Although the decision of the BGH is to be rejected in all essential respects, it nevertheless exists for the time being. It remains to be seen whether the lower courts will follow the BGH or orient themselves towards the ECJ. The lower courts are not legally bound by the BGH’s judgement. For example, the District Court Bremen has already taken a position against the loss of control doctrine of the BGH in a case involving undisputed darknet publication, stating that the claimant merely asserted loss of control without explaining what this loss of control consisted of. Even if loss of control existed, it had not been demonstrated how this caused damage, and the claimant’s email address had already appeared multiple times on “Have I Been Pwned”. It was not presented in a comprehensible manner that the alleged spam emails were attributable to the defendant’s incident.

If the BGH’s view prevails, the defence possibilities of controllers and processors in cases of internal or external cyberattacks with subsequent darknet publication would be severely limited. The only remaining argument would be to show that a “personal data breach” in terms of Article 4(12) GDPR does not automatically constitute a GDPR infringement. Although the data subject bears the burden of proof for the existence of a GDPR infringement (ECJ, judgment of 4 September 2025 – C‑655/23, cit. 56), the controller or processor must present evidence regarding the appropriateness of the technical and organisational measures implemented under Article 32 GDPR. If this fails, the discussion will focus only on the amount of damages. It is to be hoped that the ECJ will decide the “Erser” case (C‑273/25) soon, thereby eliminating the legal uncertainty regarding the mere loss of control as non‑material damage. The questions of whether every misuse of data by third parties constitutes damage attributable to the controller or processor and how previous data breaches affect the assessment are also likely to come before the ECJ sooner or later.

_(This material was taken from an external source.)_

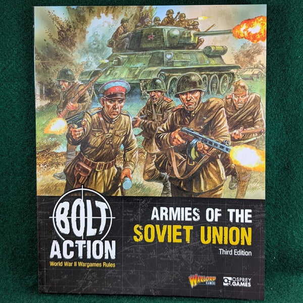 This supplement for Bolt Action: Third Edition brings the full might of the Red Army to the WWII tabletop. Stand against the Germans during Operation Barbarossa, engage in the fierce street-fighting of Stalingrad, and finally take the fight right into the heart of the Reich itself, Berlin. Contained within are all the special rules, unit profiles and force selection guides players need to build a Bolt Action Soviet force. Field platoons of everything from the humble conscript to the ZiS-3 divisional gun and the mighty IS-2 heavy tank.

The decision emphasises that controllers should always obtain written confirmation from processors after the termination of cooperation that all data copies have been deleted. Additional evidence of the actual deletion should be requested and verified. In general, security measures must be documented and reviewed regularly so that, even in the event of a successful cyberattack, it can be shown that they were appropriate from an ex ante perspective (i.e. prior to the breach, rather than after the lessons have been learned).